Menag Tegaskan Bahaya Nasionalisme Eksklusif
SinPo.id - Menteri Agama Nasaruddin Umar menekankan pentingnya nasionalisme inklusif sebagai fondasi utama dalam menjaga keberagaman dan persatuan bangsa. Ia memperingatkan bahwa nasionalisme eksklusif justru berpotensi menimbulkan perpecahan di tengah kompleksitas geopolitik global yang semakin menajam.
Pesan tersebut disampaikan Menag dalam acara Dialog Nasional Ormas Islam dan Organisasi Kepemudaan Islam (OKP) yang mengusung tema “Menjaga Harmoni dan Memperkuat Wawasan Kebangsaan”. Kegiatan ini diselenggarakan oleh Direktorat Penerangan Agama Islam, Ditjen Bimas Islam Kementerian Agama di Auditorium HM. Rasjidi, Kantor Kemenag RI, Jakarta.
“Nasionalisme yang eksklusif hanya akan melahirkan segregasi.

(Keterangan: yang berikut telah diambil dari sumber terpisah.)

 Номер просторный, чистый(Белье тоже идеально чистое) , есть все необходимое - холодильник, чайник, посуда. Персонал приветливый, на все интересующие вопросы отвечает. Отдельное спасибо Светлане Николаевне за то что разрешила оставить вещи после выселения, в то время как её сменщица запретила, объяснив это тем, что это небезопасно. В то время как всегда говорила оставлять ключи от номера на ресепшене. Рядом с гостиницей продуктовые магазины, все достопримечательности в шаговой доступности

Kita butuh nasionalisme inklusif yang mampu mengintegrasikan keberagaman tanpa menegasikan identitas agama, budaya, maupun etnis,” ujar Menag.

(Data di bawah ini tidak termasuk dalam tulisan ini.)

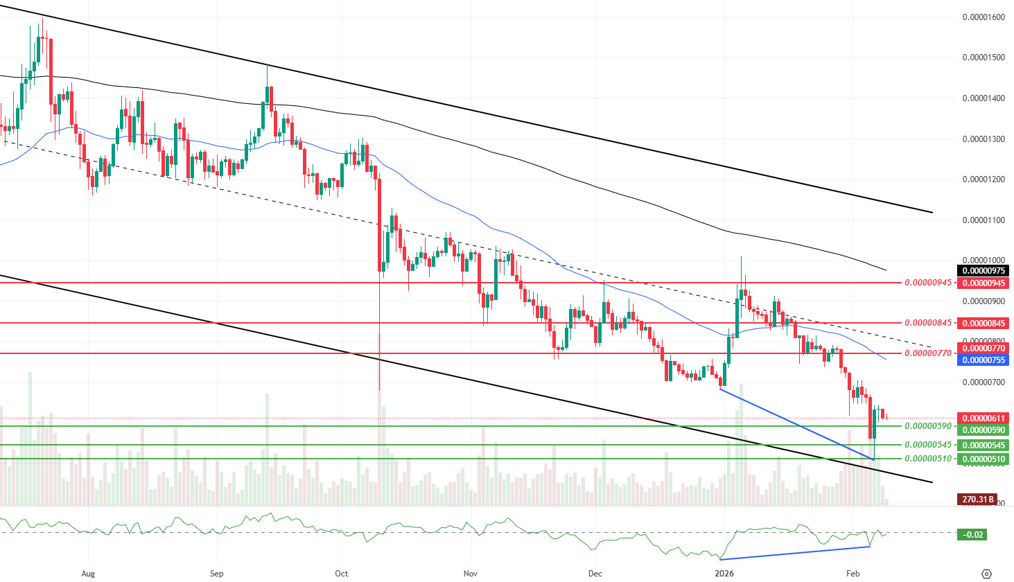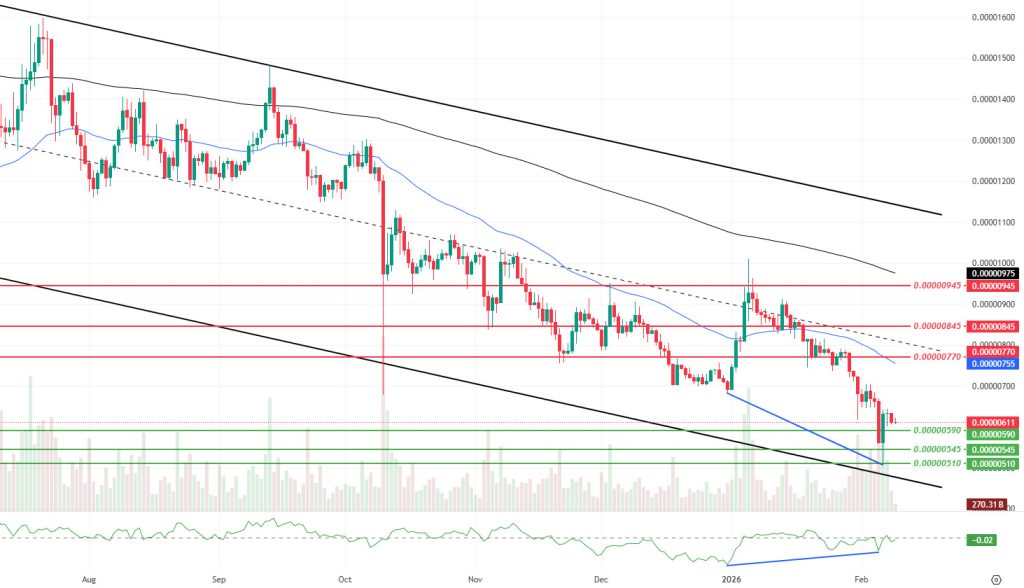 This week’s technical outlook shows that the main trend within the descending channel remains downward, but the nature of the selling is progressing towards a phase closer to exhaustion. The price losing the $0.00000635 support confirms that the market has moved to a lower support band por breaking below the previous equilibrium area. Although the decline en momentum and volume remains limited, increased volatility indicates that the decline is occurring with sharper candlestick ranges and rapid swings, while the Chaikin Money Flow (CMF) indicator remaining en negative territory shows that net capital flows are still trending towards selling. However, the positive divergence (Blue Line) between the CMF and the price indicates that while the price is producing new downward pressure, the selling flow is not strengthening to the same extent, suggesting that the downward momentum has the potential to weaken.

Menag menjelaskan, model nasionalisme Indonesia yang bersandar pada Pancasila memungkinkan kehidupan beragama yang harmonis dan berakar pada nilai-nilai lokal. Ia menegaskan pentingnya mengindonesiakan ajaran agama agar sesuai dengan konteks sosial budaya Nusantara, bukan meniru mentah-mentah praktik luar.

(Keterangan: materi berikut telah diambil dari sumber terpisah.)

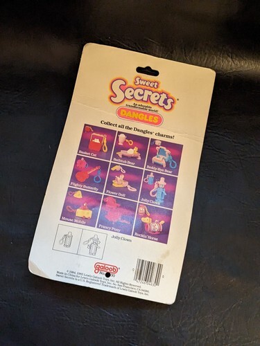 Up for sale is a new on card Sweet Secrets Dangles Baby Bottle Jolly Clown Charm by Galoob 11672. The card is creased and does not lay flad with rolled corners. There is also a punched hole below the bubble.
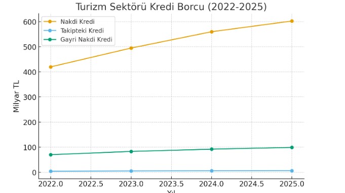 Turizm sektöründe finansal sıkıntılar giderek büyüyor. Bankacılık Düzenleme ve Denetleme Kurumu’nun (BDDK) Temmuz 2025 verilerine göre, sektörün toplam nakdi kredi borcu bir önceki aya göre yüzde 1,2 artarak 602,7 milyar TL’ye yükseldi. Takipteki kredi borcu ise yüzde 7,3 artışla 6,3 milyar TL’ye çıktı. Gayri nakdi kredi tutarı da yüzde 2 artarak 99 milyar TL’ye ulaştı.
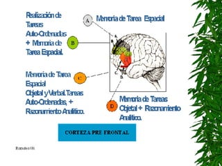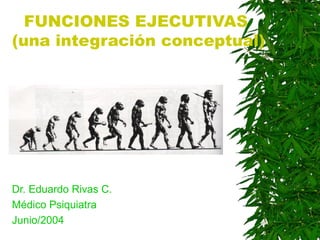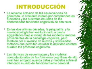 El documento resume las funciones ejecutivas como los procesos cognitivos de alto nivel relacionados con la planificación, la toma de decisiones, la resolución de problemas y el control inhibitorio. Estas funciones se asocian principalmente con la corteza prefrontal. Las disfunciones ejecutivas se caracterizan por la falta de autocontrol, la impulsividad y la dificultad para completar tareas complejas. El documento también revisa brevemente la historia del estudio de las funciones ejecutivas y algunas patologías asociadas.
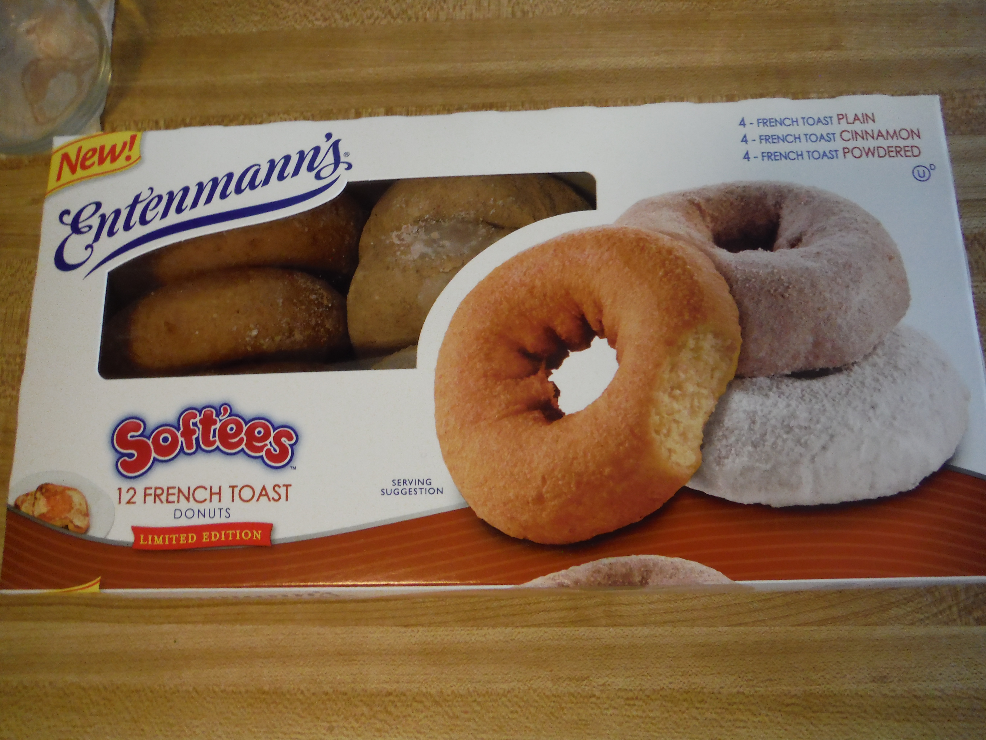 I first saw Entenmann’s French Toast Donuts in the grocery store last week, and since they happened to be on sale I decided I couldn’t pass them up. They sounded too yummy not to try, and obviously I always like things better when they’re on sale. Besides, I’m all for interesting breakfast food mash-ups (we did come up with francakes after all). I could already faintly smell the hints of French toast when I picked up the box, so I was excited to give them a taste. So, how’d they do?
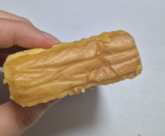 밑에 껍질이 있으니 잘 떼고 먹어야 합니다.ㅎㅎ 이 유산지도 벗겨내니 설탕의 촉촉함이 육안으로 보였습니다. ㅎㅎ
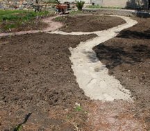 I worked on continuing the paths that wander through the garden. I started these last summer and didn’t want to dig up the potatoes to finish the job. It’s all part of making the back yard a Wonderful Wander and dividing the former large vegetable garden into smaller more accessible areas. I will continue to integrate the flowers and vegetables to make the whole Wonderful Wander more interesting.
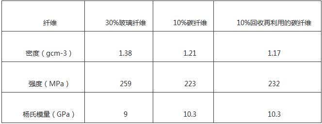 表1,回收再利用的碳纤维增强热塑性复合材料的性能(数据来源:Albis 英国)
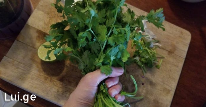 1. პირველ რიგში, თქვენ უნდა დაჭერით ქინძის ფოთლები დიდ ზომებად.

“Islam bukan dari Indonesia, Hindu bukan dari Indonesia, Kristen pun bukan. Tapi semua bisa tumbuh dalam konteks kebudayaan Indonesia. Di sinilah pentingnya proses indonesianisasi ajaran, bukan arabisasi, indiaisasi, atau westernisasi,” imbuhnya.
Menag juga menyoroti posisi Indonesia sebagai model Islam moderat yang mampu berdialog dengan demokrasi. Ia menilai, di tengah meningkatnya ekstremisme global, Islam Indonesia menjadi cahaya baru dari Timur yang mempertemukan iman, kebudayaan, dan kemanusiaan.
Wamenag: Ormas Islam Penjaga Konsensus Kebangsaan
Dalam kesempatan yang sama, Wakil Menteri Agama Romo H. R. Muhammad Syafi’i menegaskan bahwa Pancasila, UUD 1945, dan NKRI adalah konsensus final yang harus dijaga bersama, terutama oleh ormas Islam sebagai kekuatan sosial yang telah berperan dalam sejarah kebangsaan.
“Penerimaan umat Islam terhadap Pancasila dan UUD 1945 adalah kontribusi historis dalam mendirikan Republik ini. Itu bukan produk kompromi, tetapi amanat perjuangan,” ujar Romo Syafi’i.
Ia mengingatkan bahaya ideologi transnasional dan politik identitas yang kerap memanfaatkan agama sebagai alat polarisasi. “Ormas Islam harus jadi filter, bukan fasilitator. Jangan biarkan agama dijadikan alat untuk memecah persatuan,” tegasnya.
Romo Syafi’i juga mengajak generasi muda untuk mewarisi semangat nasionalisme yang religius. “Jadilah santri yang nasionalis, atau nasionalis yang berspirit santri. Itulah kekuatan kita sebagai bangsa,” ucapnya.
Moderasi dan Dialog sebagai Pilar
Direktur Jenderal Bimbingan Masyarakat Islam, Abu Rokhmad, menambahkan bahwa dialog antar-ormas merupakan bentuk nyata sinergi antara negara dan masyarakat sipil berbasis keagamaan. Menurutnya, ormas Islam bukan hanya pewaris nilai spiritual, tapi juga aktor strategis dalam membangun peradaban yang moderat dan inklusif.
“Kita bukan hanya berbagi tugas, tapi juga berbagi tanggung jawab terhadap masa depan Indonesia,” tandas Abu.
Acara ini turut dihadiri sejumlah tokoh nasional, antara lain:
Asisten Deputi Kesatuan Bangsa Kemenkopolhukam, Cecep Agus Supriyanta
Direktur Eksekutif Jaringan Moderat Indonesia (JMI), Islah Bahrawi
Guru Besar UIN Jakarta, Gun Gun Heryanto
Staf Khusus Menteri Agama, Faried F. Saenong
Direktur Penerangan Agama Islam, Ahmad Zayadi
Direktur Urusan Agama Islam dan Bina Syariah, Arsad Hidayat
Dialog ini diharapkan menjadi forum strategis untuk menguatkan narasi kebangsaan, memperkuat ukhuwah keumatan, serta menghadirkan Islam sebagai kekuatan pemersatu, bukan pemisah.